▶ EXERCISE DESCRIPTION: Repeat verbatim what the listing holds, but not its pictures.

▶ PROVIDED MATERIAL:
○ ○ ○ ○ ○
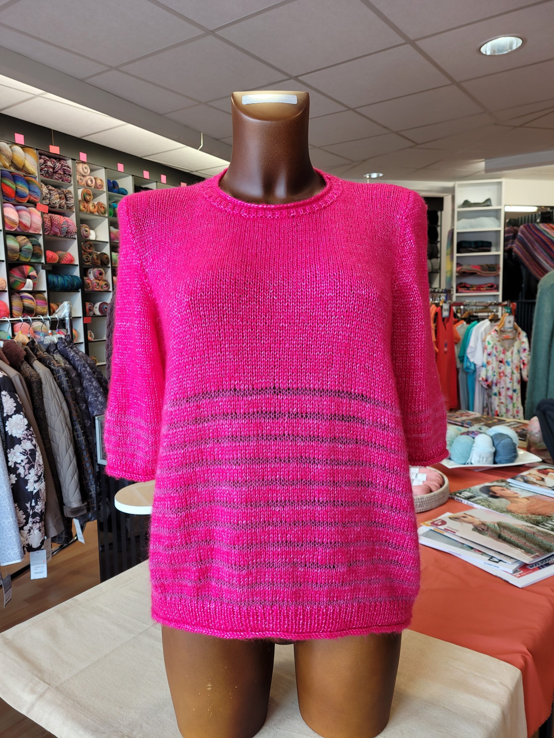 Pour ce pull , j’ai voulu faire quelques lignes (2 rangs) de Lace de façon ajourée, pour donner un visuel encore plus léger. J’ai choisi des manches courtes et montées à la carrure pour une allure plus raffinée.
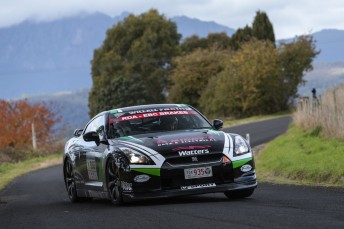 Glenney (Nissan GT-R) managed to hold off a concerted late charge by Jason White (Mitsubishi Evo 9) who managed to take 15s off the leader on the 32km Rinadeena stage.
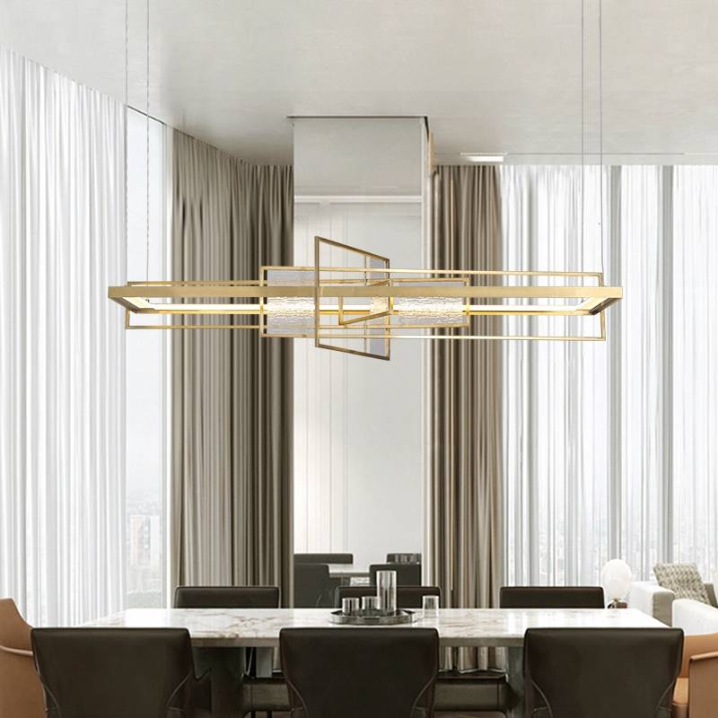 后现代个性长方形玻璃金属吊灯新中式轻奢饭厅灯网红别墅餐厅吊灯
○ ○ ○ ○ ○
▶ YOUR SOLUTION:
 Pour ce pull , j’ai voulu faire quelques lignes (2 rangs) de Lace de façon ajourée, pour donner un visuel encore plus léger. J’ai choisi des manches courtes et montées à la carrure pour une allure plus raffinée.
 Glenney (Nissan GT-R) managed to hold off a concerted late charge by Jason White (Mitsubishi Evo 9) who managed to take 15s off the leader on the 32km Rinadeena stage.
 后现代个性长方形玻璃金属吊灯新中式轻奢饭厅灯网红别墅餐厅吊灯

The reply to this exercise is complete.